Print to check missing values:
 - data to be fed to the model shoul have no missing values!

house_id         0
city             0
sale_price       0
sale_date        0
months_listed    0
bedrooms         0
house_type       0
area             0
dtype: int64
unique values in house_type column is: ['Semi-detached' 'Detached' 'Terraced']
Print head of the cleaned dataframe:


Unnamed: 0,house_id,city,sale_price,sale_date,months_listed,bedrooms,house_type,area
0,1217792,Silvertown,55943,2021-09-12,5.4,2,Semi-detached,107.8
1,1900913,Silvertown,384677,2021-01-17,6.3,5,Detached,498.8
2,1174927,Riverford,281707,2021-11-10,6.9,6,Detached,542.5
3,1773666,Silvertown,373251,2020-04-13,6.1,6,Detached,528.4
4,1258487,Silvertown,328885,2020-09-24,8.7,5,Detached,477.1


# Task 3 

The team at RealAgents have told you that they have always believed that the number of bedrooms is the biggest driver of house price. 

Producing a table showing the difference in the average sale price by number of bedrooms along with the variance to investigate this question for the team.

 - You should start with the data in the file 'house_sales.csv'.

 - Your output should be a data frame named `price_by_rooms`. 

 - It should include the three columns `bedrooms`, `avg_price`, `var_price`. 

 - Your answers should be rounded to 1 decimal place.   

In [63]:
# task 3: analyzing price by bedrooms
def analyze_price_by_bedrooms(df):
    """
    let's calculate average price and variance by number of bedrooms
    """

    
    analysis_df = df.copy()
    
    # ensure bedrooms is numeric
    analysis_df['bedrooms'] = pd.to_numeric(analysis_df['bedrooms'], errors='coerce')
    
    # group by bedrooms and culculate statistics
    price_stats = analysis_df.groupby('bedrooms')['sale_price'].agg([
        ('avg_price', 'mean'),
        ('var_price', 'var')
    ]).reset_index()
    
    # round to 1 decimal place
    price_stats['avg_price'] = price_stats['avg_price'].round(1)
    price_stats['var_price'] = price_stats['var_price'].round(1)
    
    return price_stats

# output for the price statistics by bedrooms : price_by_rooms
price_by_rooms = analyze_price_by_bedrooms(clean_data)

# print the dataframe to check

print(f"\nprice_by_rooms shape: {price_by_rooms.shape}")
print("="*50)
display(price_by_rooms)


price_by_rooms shape: (5, 3)


Unnamed: 0,bedrooms,avg_price,var_price
0,2,67076.4,565289600.0
1,3,154665.1,2378289000.0
2,4,234704.6,1725211000.0
3,5,301515.9,2484328000.0
4,6,375741.3,3924432000.0


# Task 4

Fit a baseline model to predict the sale price of a house.
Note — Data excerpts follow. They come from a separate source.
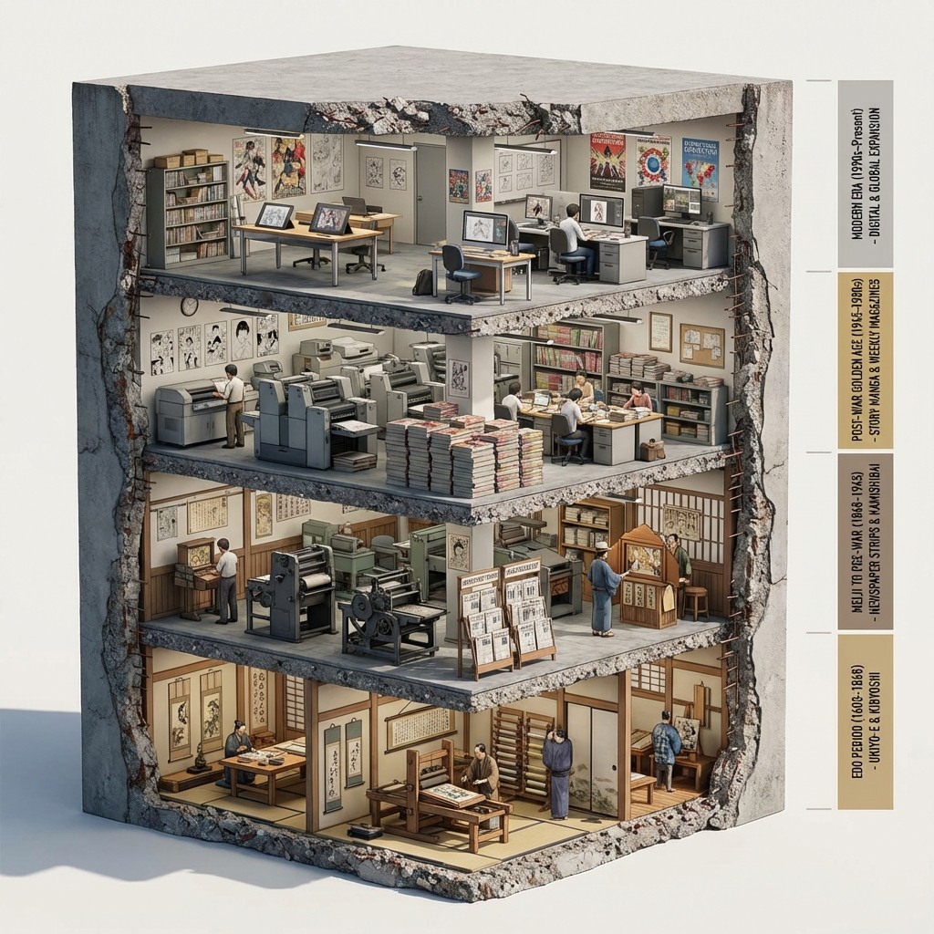 CopyEvolution of Manga --> A single chunky block (like a museum cutaway) sliced to reveal 4 stacked floors/strata. Each level represents an era/stage/version inferred from INPUT. Right side: a vertical legend bar with dates/period labels inferred by the model. Infer 4 major phases and depict each with representative artifacts, tools, and environments. Keep transitions educational: show what changed between levels (materials, scale, method). Architectural section realism: visible thickness, rebar/fasteners if applicable, realistic debris at cut edge.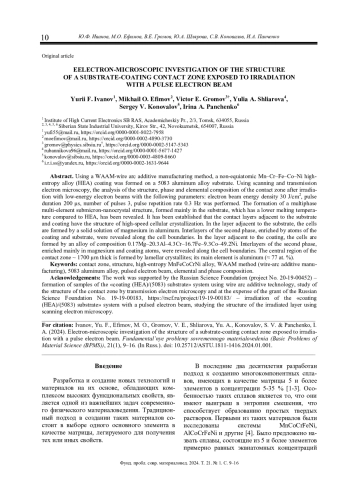 16. Ivanov Yu.F., Gromov V.E., Zagulyaev D.V., Konovalov S.V., Rubannikova Yu.A., Semin A.P. Prospects for the application of surface treatment of alloys by electron beams in state of the art technologies // Progress in Physics of metals. 2020. V. 21, N 3. P. 345-362. EDN: MEXGRT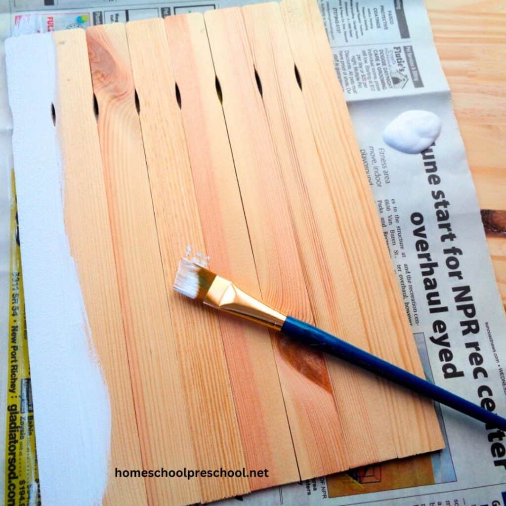 - Paint the frame: Flip the paint sticks over and paint them white with a brush. Add a second coat to cover the wood fully. Let it dry completely.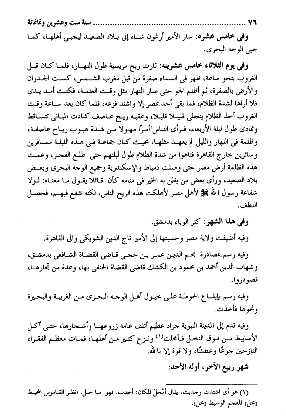 وَفِي خَامِس عشره: سَار الْأَمِير أرغون شاه إِلَى بِلَاد الصَّعِيد ليجبي أَهلهَا كَمَا جبى الْوَجْه البحري. وَفِي يَوْم الثُّلَاثَاء خَامِس عشرينه: ثارت ريح مريسية طول النَّهَار فَلَمَّا كَانَ قبل الْغُرُوب بِنَحْوِ سَاعَة ظهر فِي السَّمَاء صفرَة من قبل مغرب الشَّمْس كست الجدران وَالْأَرْض بالصفرة ثمَّ أظلم الجو حَتَّى صَار النَّهَار مثل وَقت الْعَتَمَة فَكنت أمد يَدي فَلَا أَرَاهَا لشدَّة الظلام فَمَا بَقِي أحد بِمصْر إِلَّا وَاشْتَدَّ فزعه فَلَمَّا كَانَ بعد سَاعَة وَقت الْغُرُوب أَخذ الظلام ينجلي قَلِيلا قَلِيلا وعقبه ريح عاصف كَادَت المباني تتساقط وتمادي طول لَيْلَة الْأَرْبَعَاء فَرَأى النَّاس أمرا مهولاً من شدَّة هبوب ريَاح عَاصِفَة وظلمة فِي النَّهَار وَاللَّيْل لم يعْهَد مثلهَا بِحَيْثُ كَانَ جمَاعَة فِي هَذِه اللَّيْلَة مسافرين وسائرين خَارج الْقَاهِرَة فتاهوا من شدَّة الظلام طول ليلتهم حَتَّى طلع الْفجْر وعمت هَذِه الظلمَة أَرض مصر حَتَّى وصلت دمياط والإسكندرية وَجَمِيع الْوَجْه البحري وَبَعض بِلَاد الصَّعِيد وَرَأى بعض من يظنّ بِهِ الْخَيْر فِي مَنَامه كَانَ قَائِلا يَقُول مَا مَعْنَاهُ: لَوْلَا شَفَاعَة رَسُول الله صلى الله عَلَيْهِ وَسلم لأهل مصر لأهلكت هَذِه الرّيح النَّاس لكنه شفع فيهم فَحصل اللطف. وَفِي هَذَا الشَّهْر: كثر الوباء بِدِمَشْق. وَفِيه أضيفت ولَايَة مصر وحسبتها إِلَى الْأَمِير تَاج الدّين الشويكي وَإِلَى الْقَاهِرَة. وَفِيه رسم بمصادرة نجم الدّين عمر بن حجي قَاضِي الْقُضَاة الشَّافِعِي بِدِمَشْق وشهاب الدّين أَحْمد بن مَحْمُود بن الكشك قَاضِي الْقُضَاة الْحَنَفِيّ بهَا وعدة من تجارها فصودروا. وَفِيه رسم بإيقاع الحوطة على خُيُول أهل الْوَجْه البحري من الغربية والبحيرة وَنَحْوهَا فَأخذت. وَفِيه قدم إِلَى الْمَدِينَة النَّبَوِيَّة جَراد عَظِيم أتلف عَامَّة زروعها وأشجارها حَتَّى أكل الأسابيط من فَوق النّخل فأمحلت ونزح كثير من أَهلهَا فَمَاتَ مُعظم الْفُقَرَاء النازحين جوعا وعطشاً وَلَا قُوَّة إِلَّا بِاللَّه. شهر ربيع الآخر أَوله الْأَحَد:

 1. Fit your model using the data contained in “train.csv” </br></br>

 2. Use “validation.csv” to predict new values based on your model. You must return a dataframe named `base_result`, that includes `house_id` and `price`. The price column must be your predicted values.

In [64]:
# ttask 4: Baseline model
from sklearn.linear_model import LinearRegression

# load training and validation data
train_df = pd.read_csv('train.csv')
validation_df = pd.read_csv('validation.csv')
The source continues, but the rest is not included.